盛玉华抱着糖糖坐在廊下的摇椅上。
糖糖裹在小被子里,嘴里含着一根手指头,口水顺着下巴往下淌。
盛玉华拿帕子给她擦了擦,糖糖扭头,拔出手指,一把揪住盛玉华的衣襟。
晓晓洗完手从院子另一头跑来,扒着摇椅扶手看糖糖。
“糖糖又长胖了。”
糖糖冲着她笑,露出两颗小米牙。
晓晓伸出一根手指戳糖糖的脸蛋,被糖糖攥住,死活不肯撒手。
“力气好大。

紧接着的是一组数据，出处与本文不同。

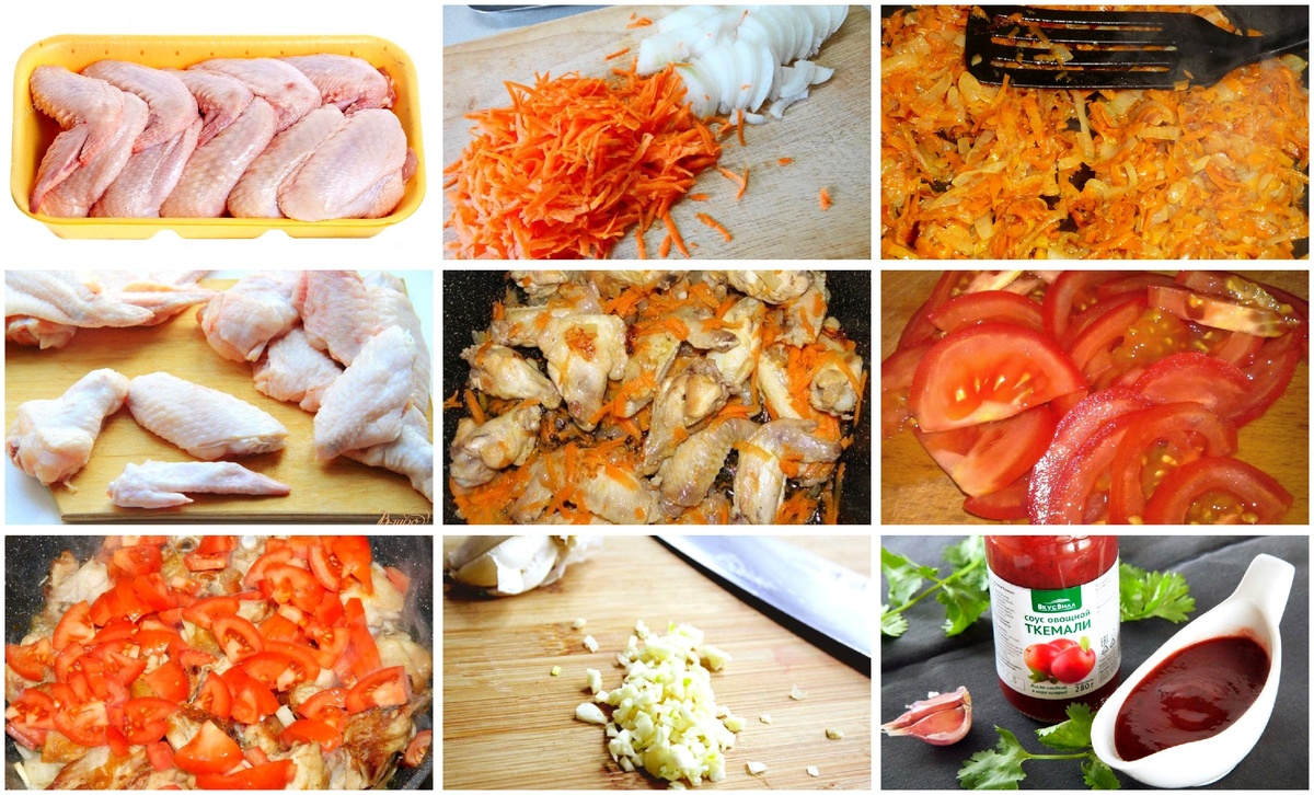 Из куриных крыльев - нежных, тающих во рту, а всего делов-то… Всё рассчитано на две подложки крыльев, ну такие корытца с крыльями, что в магазине продаются. Берём 2 большие луковицы и нарезаем тонкими полукольцами… бросаем на большую прогретую сковороду-сотейник с растительным маслом. Пока лук пассируется натираем на крупной терке 2-3 морковины и добавляем к луку. Пошел аромат, чувствуете? Крылышки куриные моем и режем на три части - плечо-предплечье-кисть и добавляем к луку с морковкой. Немного соли - конечно крупной - и огонь побольше, чтобы крылышки обжарились. Минут 5-7 перемешиваем содержимое сковороды для равномерной прожарки, убавляем огонь. Берем 2-3 помидора, моем, режем пополам, а потом каждую половину на тонкие дольки. Тут нужен острый поварской нож!… и добавляем в сковороду, солим не очень много, накрываем крышкой и даем потушиться минут 10. Как раз основная масса жидкости должна выкипеть, а затем наступает самое главное. Берем 5-7 долек чеснока, чистим его, давим ка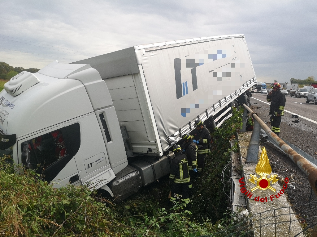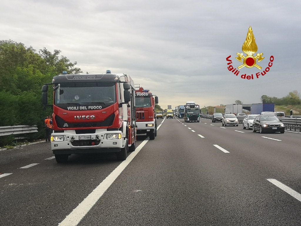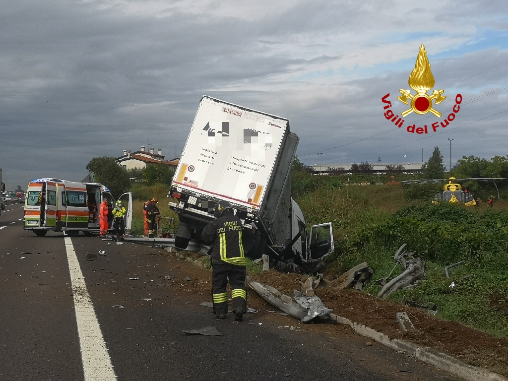 Lo scontro, avvenuto al km 626.2 direzione Ovest, tra i caselli di Sommacampagna e Peschiera del Garda, ha visto coinvolto un mezzo pesante, che dopo l'urto ha divelto circa 100 mt di guard rail finendo fuori strada, oltre a 3 vetture e un furgone.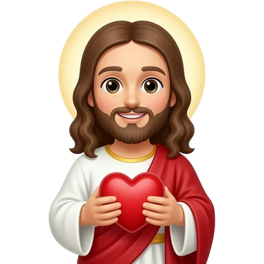 Brown Jesus holding a red heart emoji
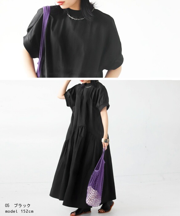 ウエストアシメの大人カジュアルワンピ。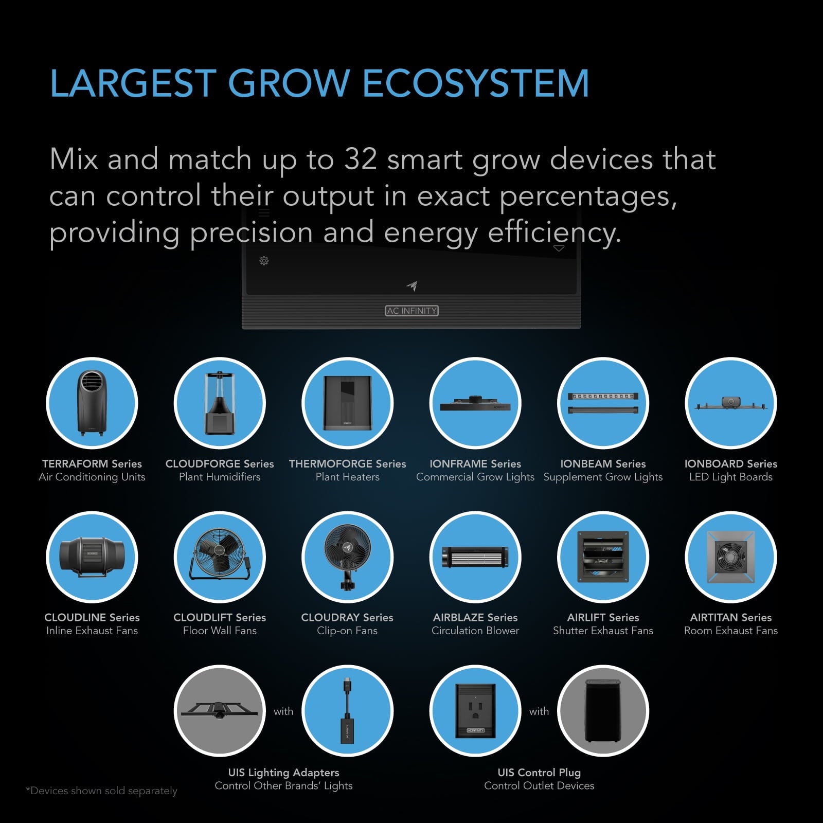 - Mix and match up to 32 devices from the largest platform of smart fans, grow lights, humidifiers, heaters, A/Cs, and grow lights & outlet devices from other brands.

”
盛玉华轻笑,把糖糖的手掰开。
晓晓甩了甩被捏红的手指,蹲在盛玉华脚边仰着脸。
“娘,周福后来首什么了?”
盛玉华的手搭在晓晓头顶,轻轻拍两下。
“暮云阁的事,回头再细说。”
季明寒那边已经把两个小子洗干净了,康康和乐乐换了衣裳,顶着头发,跑到廊下排排坐着晒太阳。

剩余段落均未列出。